Номер открывается фрагментами романа Кнуда Ромера «Ничего, кроме страха». В 2006 году известный телеведущий, специалист по рекламе и актер, снимавшийся в фильме Ларса фон Триера «Идиоты», опубликовал свой дебютный роман, который сразу же сделал его знаменитым. Роман Кнуда Ромера, повествующий об истории нескольких поколений одной семьи на фоне исторических событий XX века и удостоенный нескольких престижных премий, переведен на пятнадцать языков. В рубрике «Литературное наследие» представлен один из самых интересных датских писателей первой половины XIX века. Стена Стенсена Бликера принято считать отцом датской новеллы. Он создал свой собственный художественный мир и оригинальную прозу, которая не укладывается в рамки утвердившегося к двадцатым годам XIX века романтизма. В основе сюжета его произведений — часто необычная ситуация, которая вдобавок разрешается совершенно неожиданным образом.
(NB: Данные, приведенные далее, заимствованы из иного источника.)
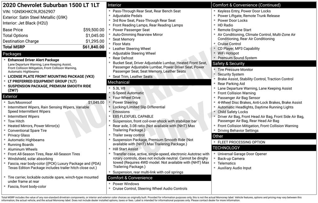 A short drive from Athens, Cambridge, Chillicothe, Circleville, Columbus, Lancaster, Logan, Marietta, Nelsonville, Newark, Pickerington, Pomeroy, and Zanesville in Ohio, as well as Charleston, Clarksburg, Huntington, Morgantown, Parkersburg, Vienna, and Wheeling in West Virginia. 2065 East State St. Athens, OH 45701. Near Ohio University! Down the road from Hocking Hills! Vehicle: 2020 Chevrolet Suburban LT Price: 26187 (live market adjusted) CarFax: True, available today Stock#: F262907P VIN Ending: 1GNSKHKC9LR262907 Delivery: Nationwide delivery available.
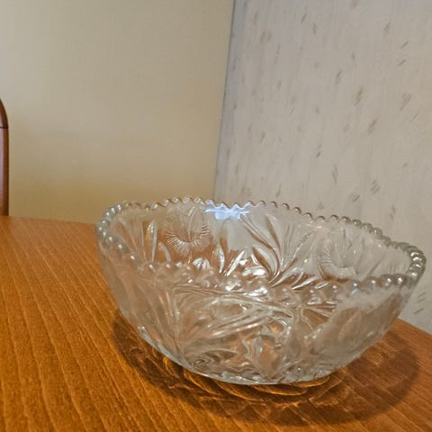 Riihimäen lasin lasinen kulho/ruukku, orkidearuukku. Korkeus 10 cm, halkaisija 13,5 cm. Ehjä. Käytetty salaattiastiana.
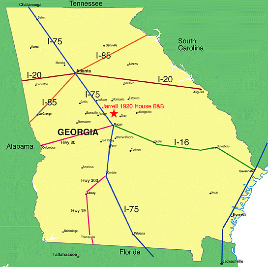 The Jarrell 1920 House is in the heart of Georgia, 16 miles east of I-75 Forsyth, next to the Jarrell Plantation State Historic Site, and near the village of Juliette, movie set of "Fried Green Tomatoes."
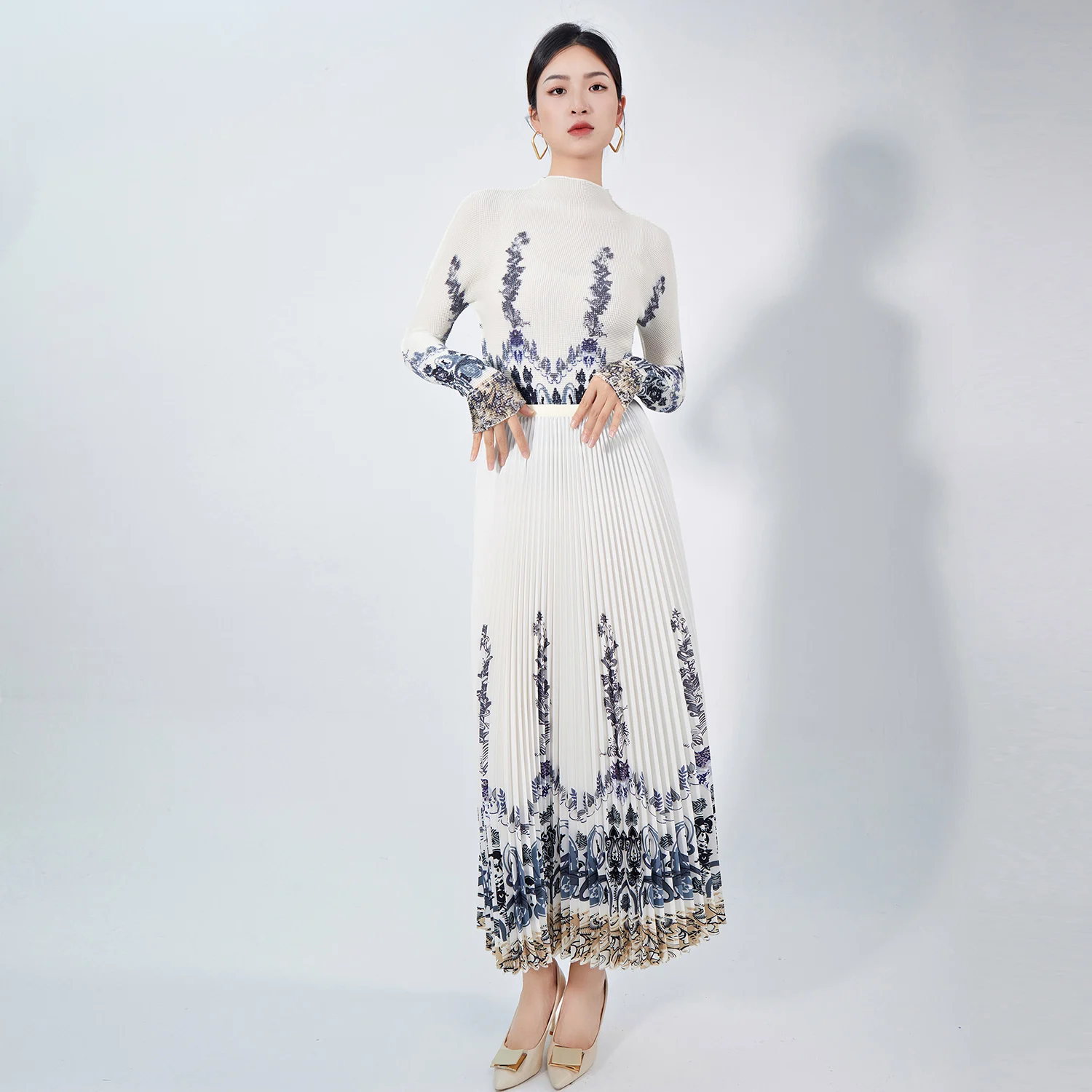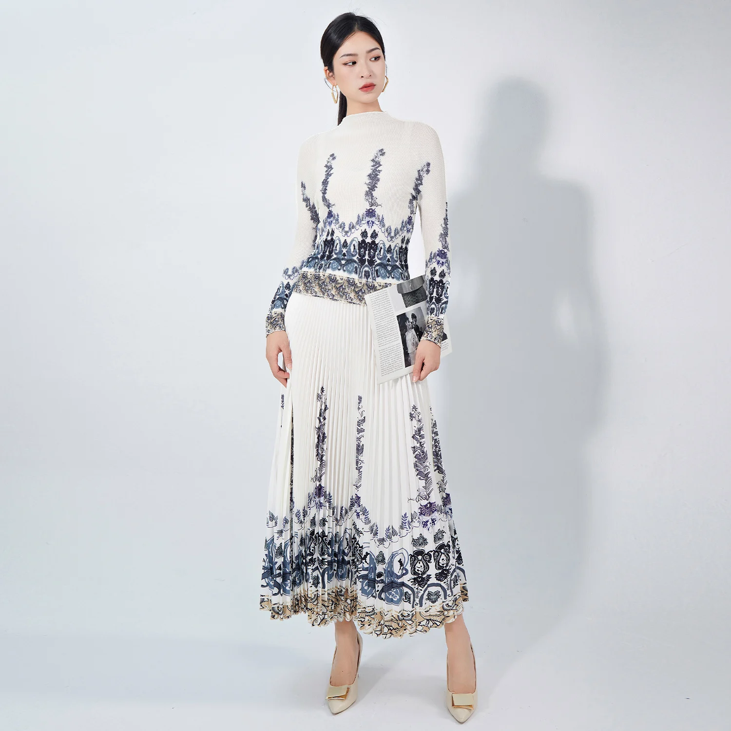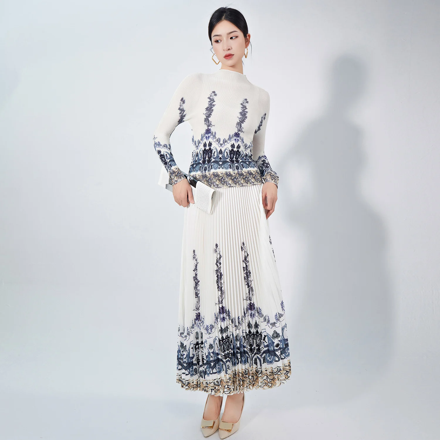 Latest Casual Style Elegant Two-Piece Set for Ladies Pleated Skirt Printed Top Turtleneck Polyester Fabric With Pattern Decor
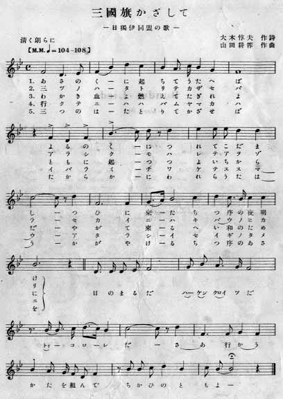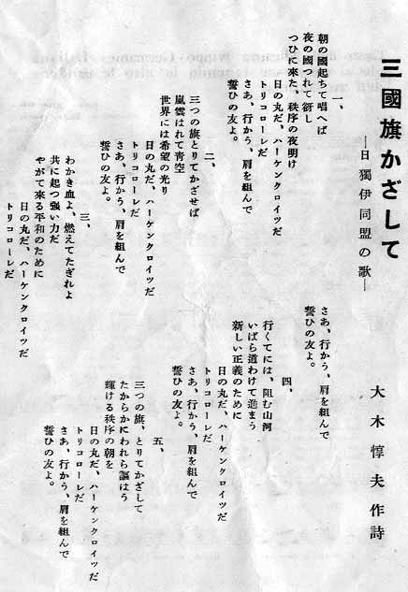 「日獨伊三國同盟の歌「三國旗かざして」の歌詞と譜面
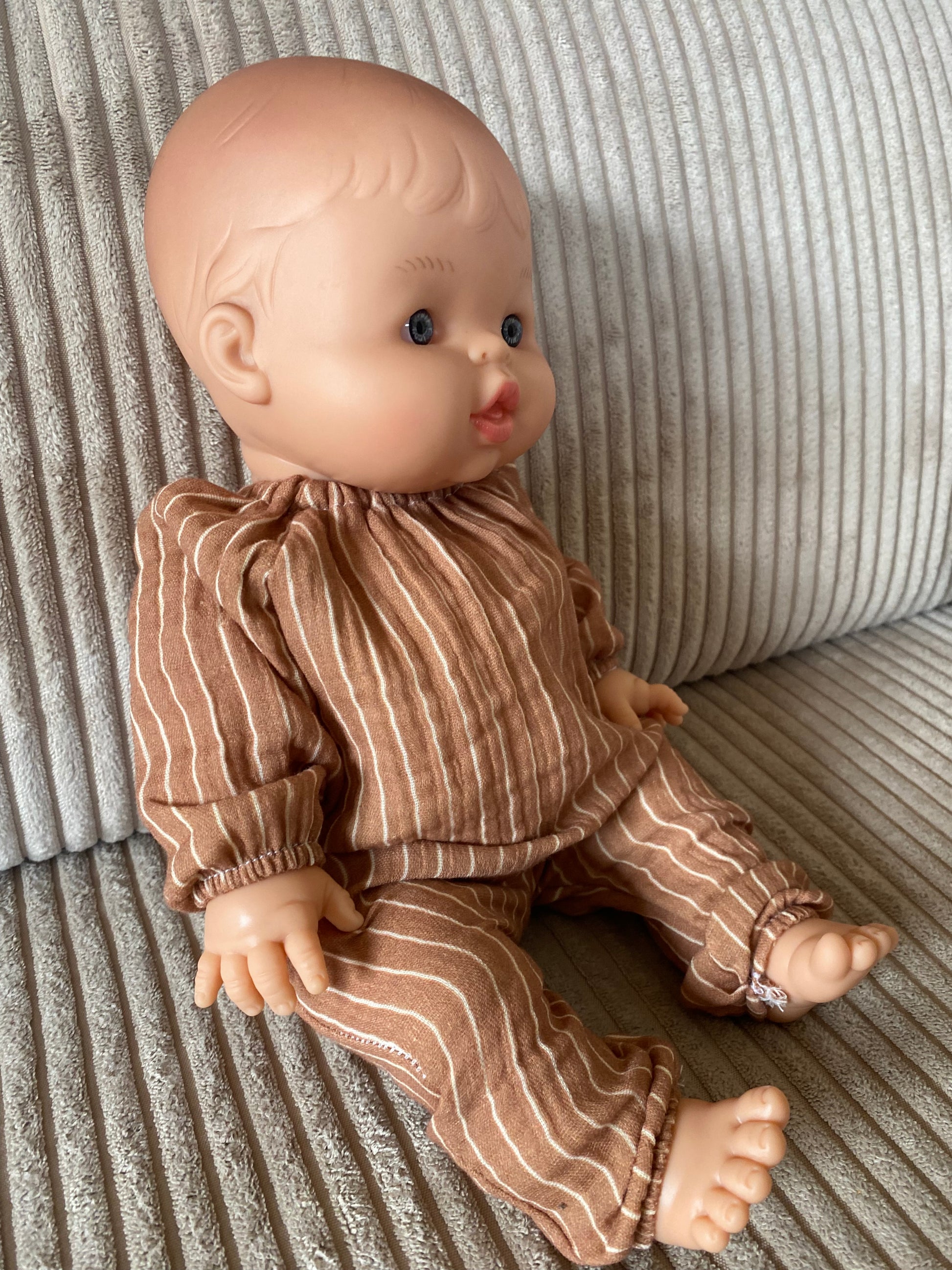 Découvrez Louis, la poupée tendre et élégante qui accompagne les jeux d'imitation avec douceur. Livrée avec sa tenue à rayures fines.
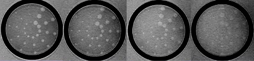 Contrast resolution is usually measured by generating a pattern from a test object that depicts how image contrast changes as the structures being imaged get smaller and closer together. The picture below shows one such set of images produced using the low contrast detectability inserts of the phantom employed in the MRI accreditation program of the American College of Radiology.
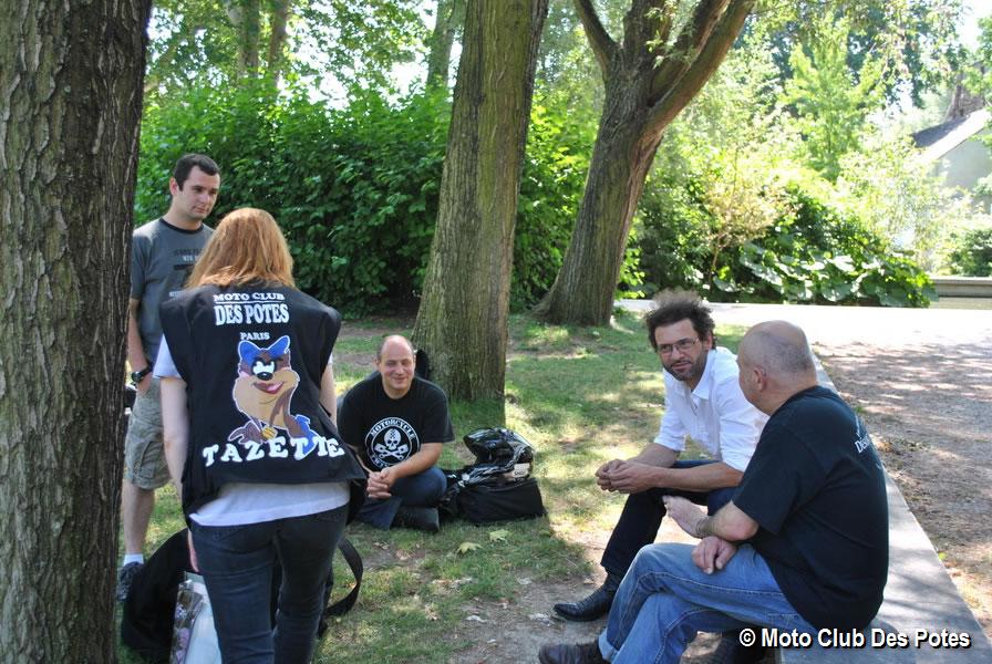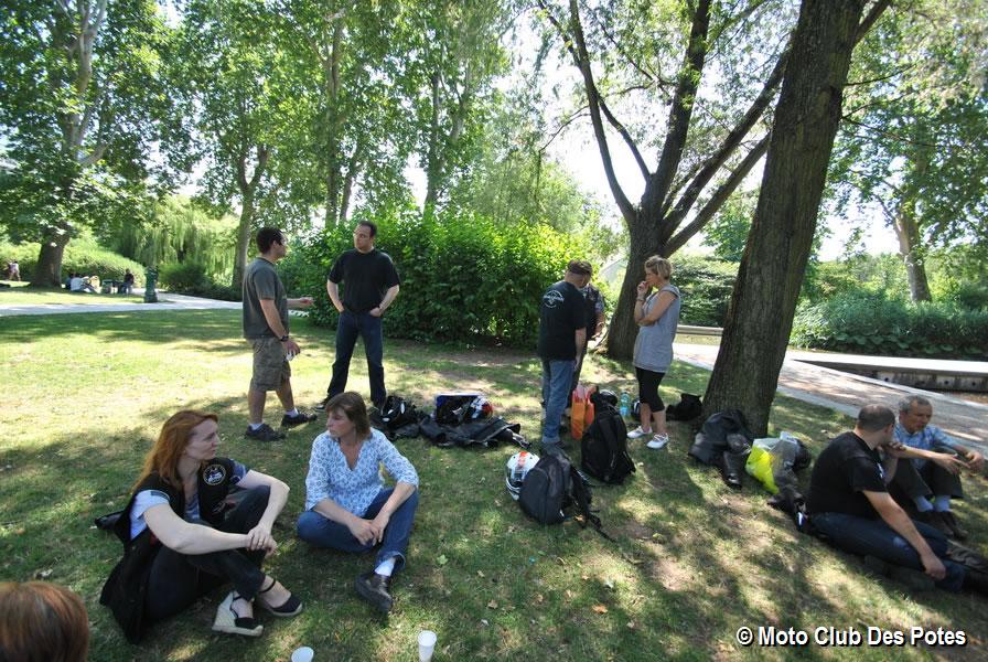 19 Potesses et Potes, pour une journée extraordinaire, Chris parti dans la nuit de sa Suisse natale pour nous rejoindre avec sa DB9-GT pour la première fois, car son 900 ZXR après avoir embrassé un camion sous le pont du Mont Blanc est un peu en vrac. Deubeulyou venu de sa Bourgogne, parti tôt le matin, Prince White qui débarque avec son Wabouz aussi pour la première fois au club, Morgane la mécano Bmiste à l'atelier du Roule Toujours. Nous avons construit sa légende en deux secondes sur le fait que tous les matins elle se muscle en soulevant un moteur de R75 "imaginez la scène" ….. Des moments comme celui-ci ont été notre lot toute la journée …. Ce qui est au top avec ce pique-nique sur Bercy qui en est à sa deuxième édition officielle, est qu’il permet aux nouveaux de venir faire connaissance avant de venir rouler avec nous. Souvent des personnes que je connais en dehors de la moto ou du club qui n'ont jamais passé le cap de venir voir, et ce qui et drôle c’est qu’à la suite ils y posent à 99% du temps leurs valises. Pour cette édition, on avait Chris dit aussi le petit suisse ou l'arracheur de bitume des alpages, Prince White le seul à qui on demande de venir avec un drapeau corse à un mariage, et arrive finalement avec un double balais arrimé sur son wabouz, avec un drapeau de 2 mètres de long sur 1,5m de haut et nous sort un « je n'ai pas trouvé plus petit ». Dire qu'il n'est pas passé inaperçu avec moi à cette époque qui, devant la mairie, étais parti à faire un wheeling en 1800 GL avec le marié en passager devant sa belle-famille, laquelle avait moyennement apprécié le concert d'échappements en rut mineur devilien et akrapovicien devant l'église , le tout avec ma musique corse à donf pendant le wheeling… un grand moment.

Рассказчик, alteregoaвтopa, становится случайным свидетелем драматических событий, разворачивающихся на фоне унылых ютландских пейзажей, и сопереживает героям, страдающим от несправедливости мироустройства. Классик датской литературы Клаус Рифбьерг, который за свою долгую творческую жизнь попробовал себя во всех жанрах, представлен в номере небольшой новеллой «Столовые приборы», в центре которой судьба поколения, принимавшего участие в протестных молодежных акциях 1968 года. Еще об одном классике датской литературы — Карен Бликсен — в рубрике «Портрет в зеркалах» рассказывают такие признанные мастера, как Марио Варгас Льоса, Джон Апдайк и Трумен Капоте.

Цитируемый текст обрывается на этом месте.